• _Task prompt_
Everything from the line holding "Example illustrating possessor-raising" through the last line of the data, and nothing else, should be retyped exactly, with no pictures.

• _Information given_

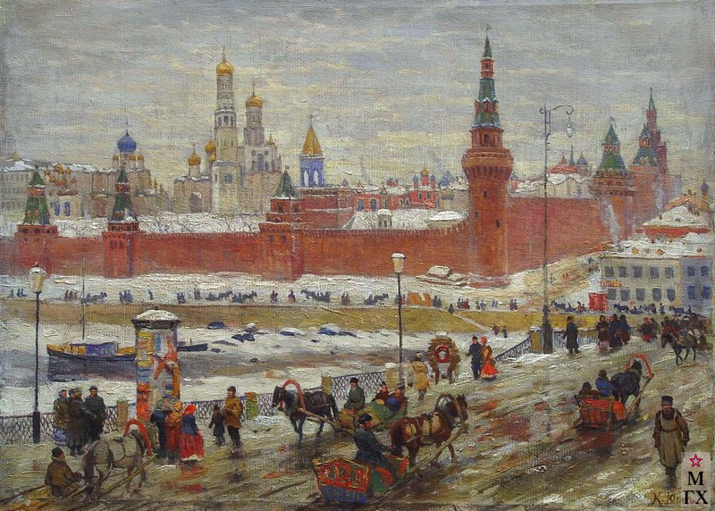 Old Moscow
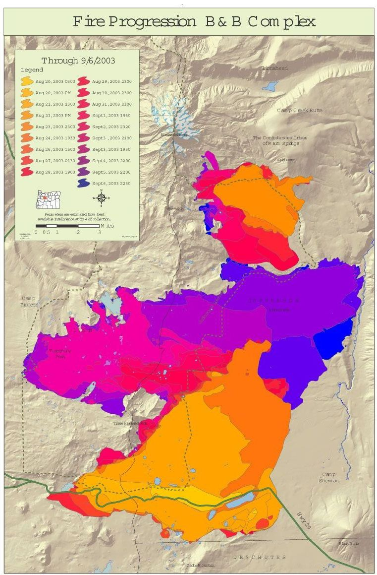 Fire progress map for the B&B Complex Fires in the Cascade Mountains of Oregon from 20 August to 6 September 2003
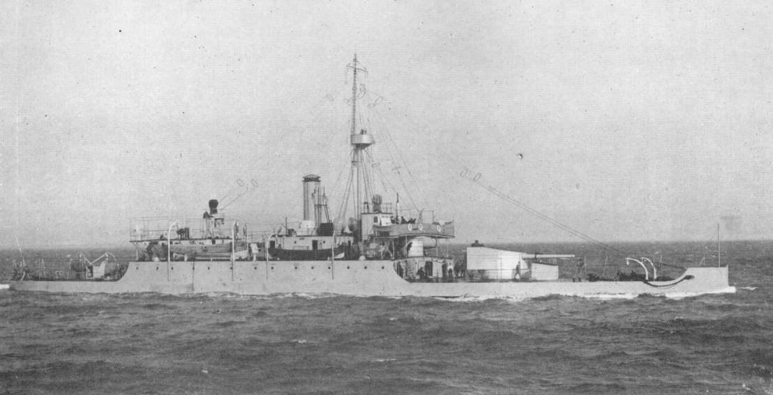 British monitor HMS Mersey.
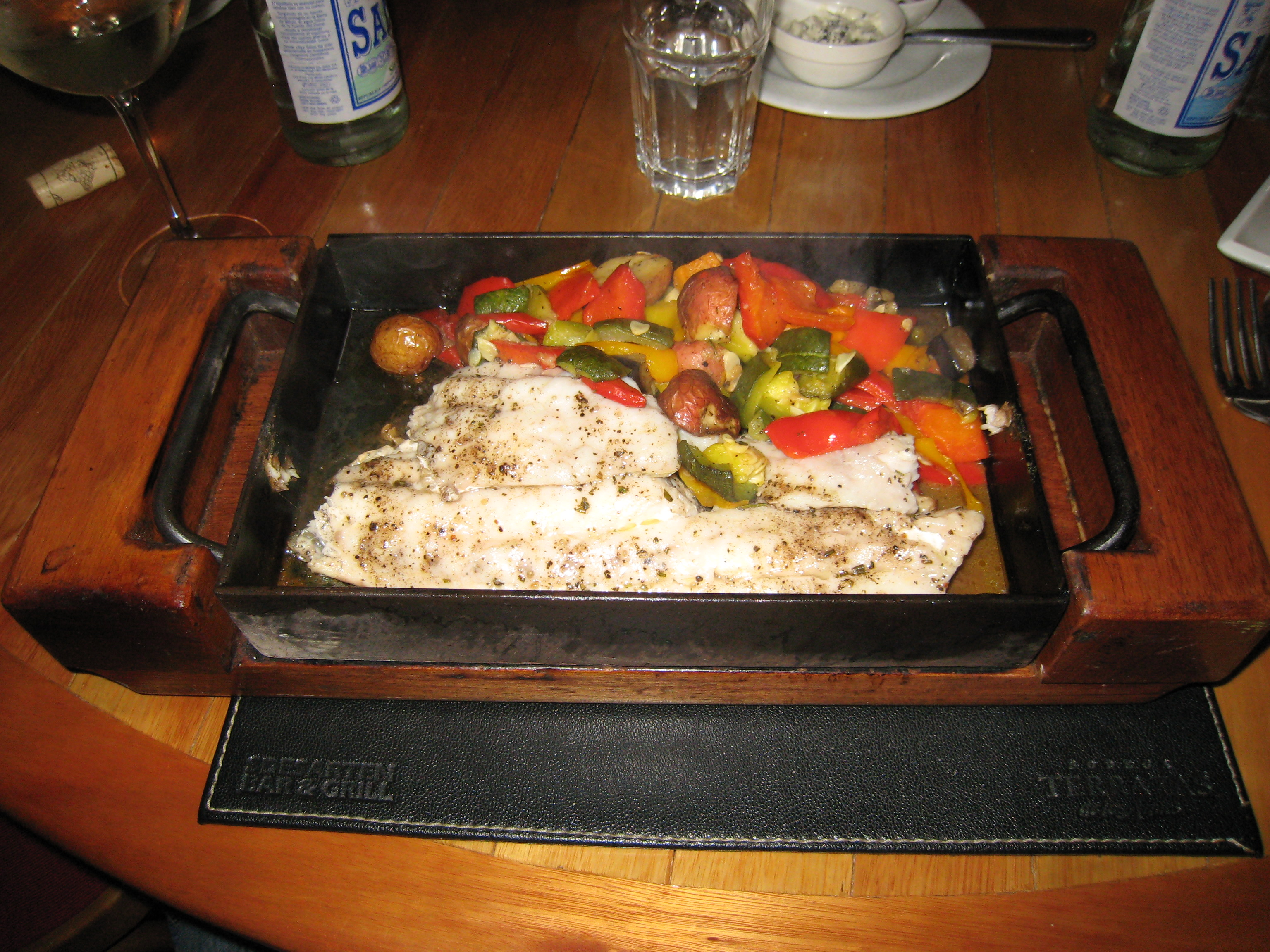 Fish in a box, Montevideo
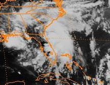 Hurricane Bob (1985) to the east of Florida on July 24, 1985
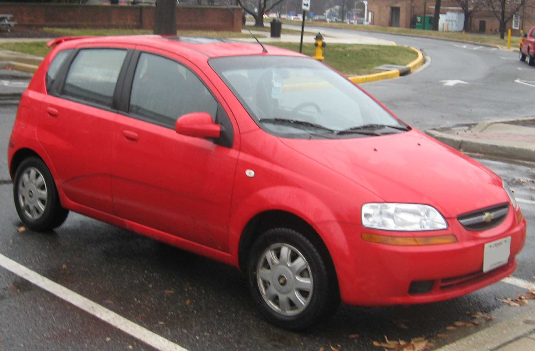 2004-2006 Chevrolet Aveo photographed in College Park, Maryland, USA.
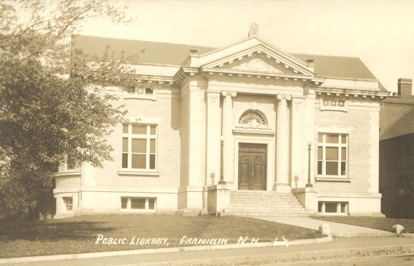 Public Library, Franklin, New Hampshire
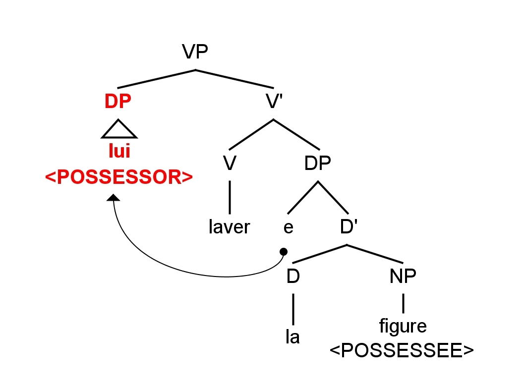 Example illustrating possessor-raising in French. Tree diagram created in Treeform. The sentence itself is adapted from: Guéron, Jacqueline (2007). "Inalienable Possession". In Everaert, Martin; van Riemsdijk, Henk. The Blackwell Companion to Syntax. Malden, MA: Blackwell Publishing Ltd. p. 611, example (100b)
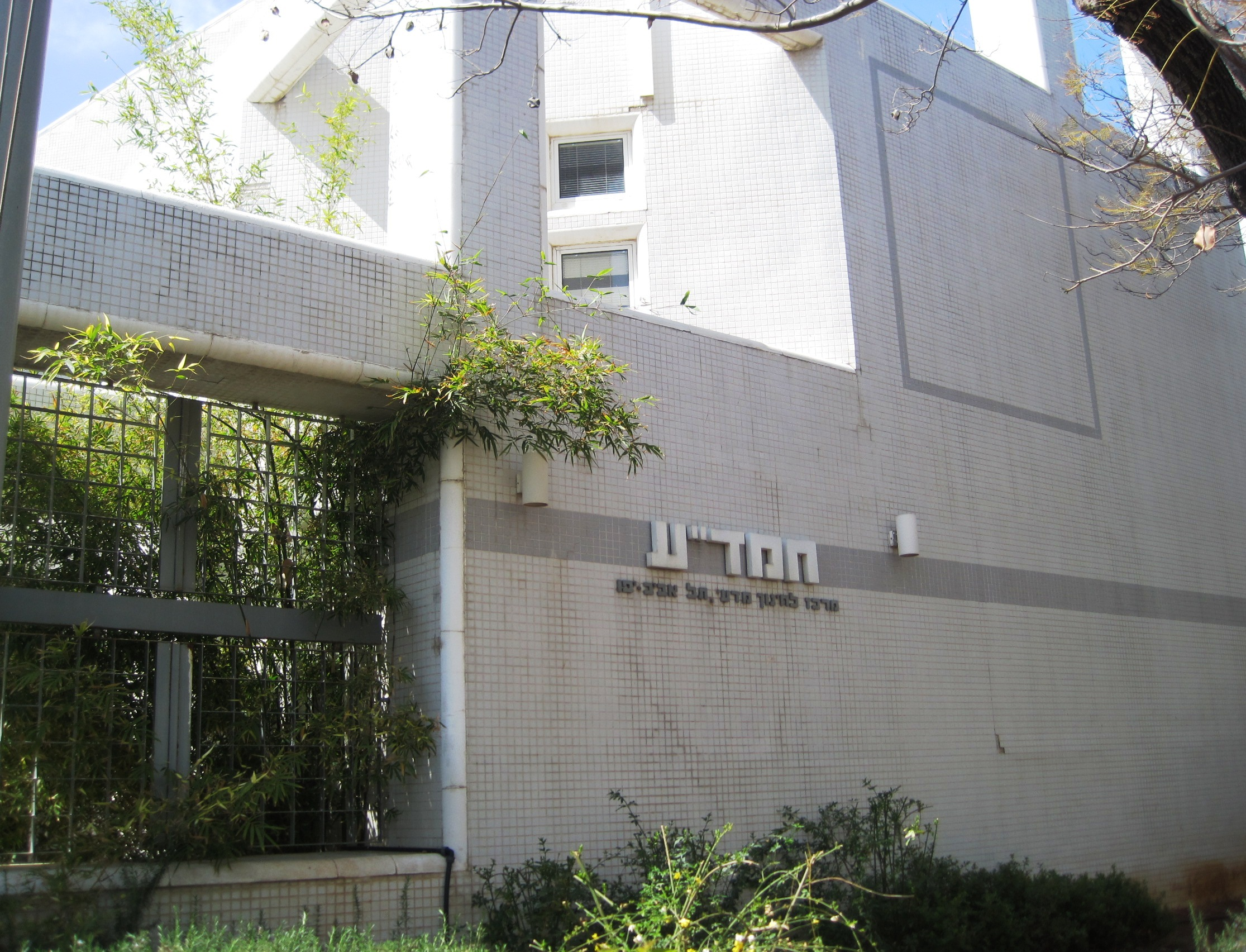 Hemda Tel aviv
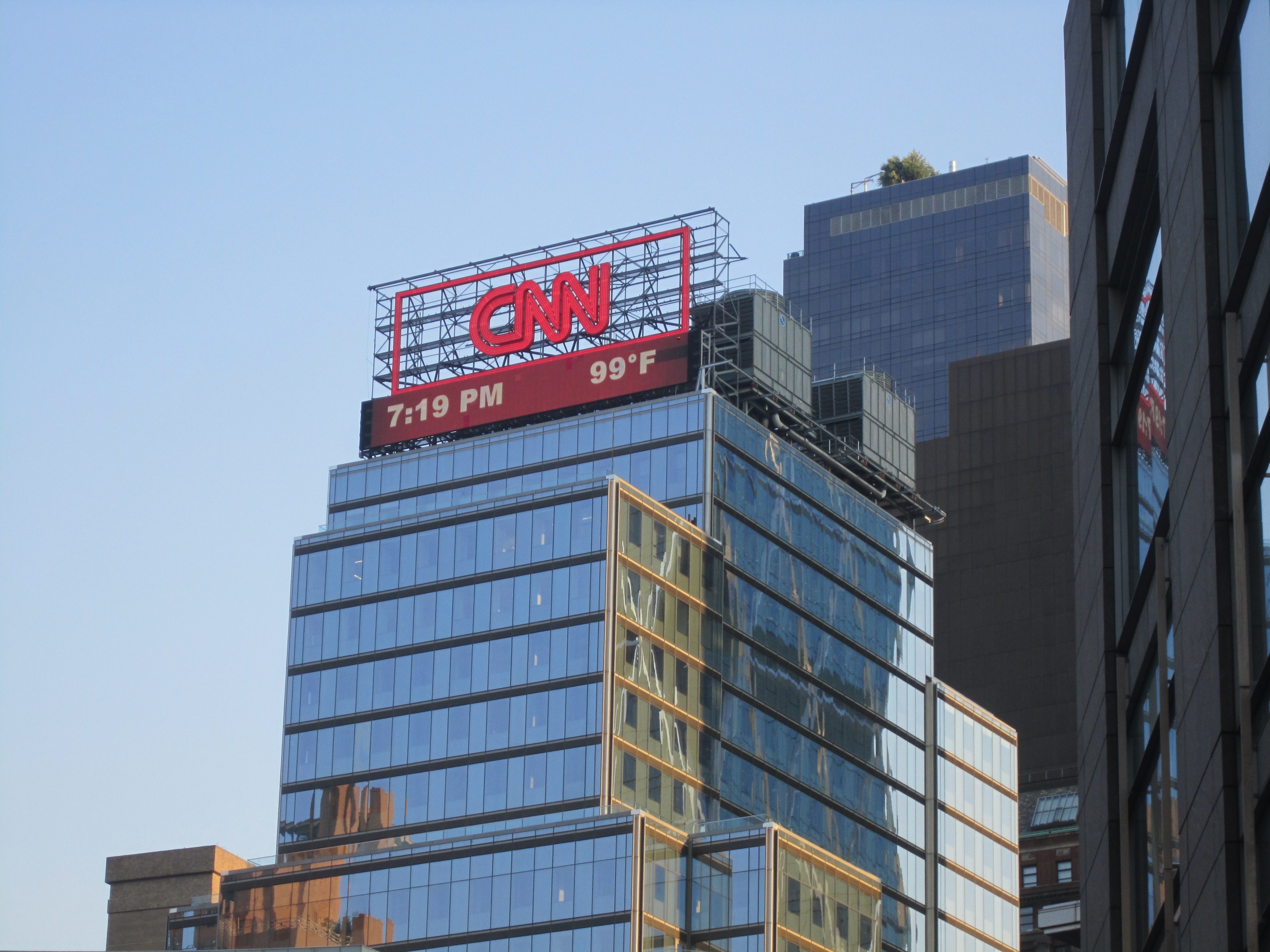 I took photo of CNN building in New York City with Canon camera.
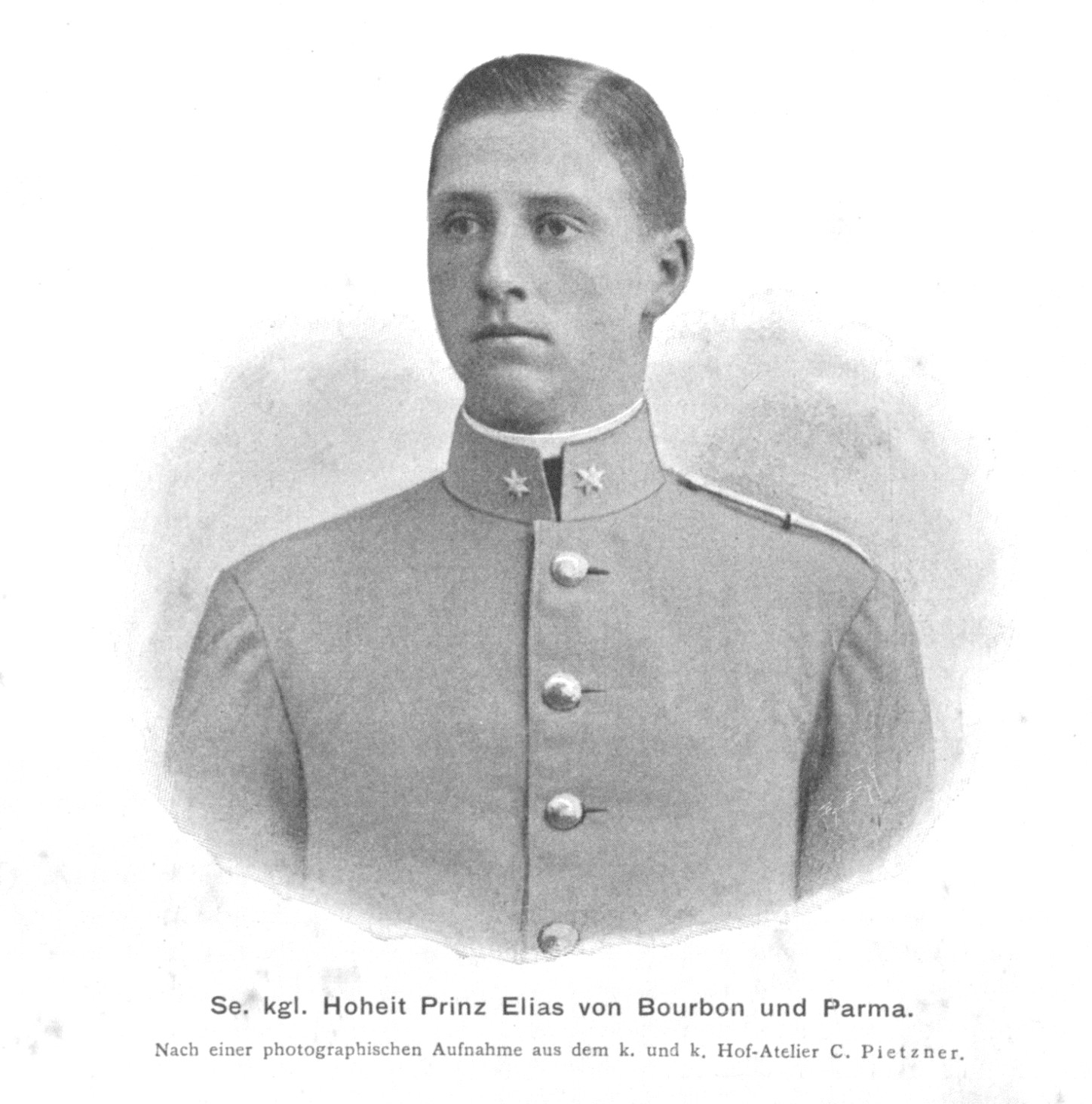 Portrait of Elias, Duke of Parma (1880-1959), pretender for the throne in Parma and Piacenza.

• _Answer area_
 Example illustrating possessor-raising in French. Tree diagram created in Treeform. The sentence itself is adapted from: Guéron, Jacqueline (2007). "Inalienable Possession". In Everaert, Martin; van Riemsdijk, Henk. The Blackwell Companion to Syntax. Malden, MA: Blackwell Publishing Ltd. p. 611, example (100b)
 Hemda Tel aviv
 I took photo of CNN building in New York City with Canon camera.
 Portrait of Elias, Duke of Parma (1880-1959), pretender for the throne in Parma and Piacenza.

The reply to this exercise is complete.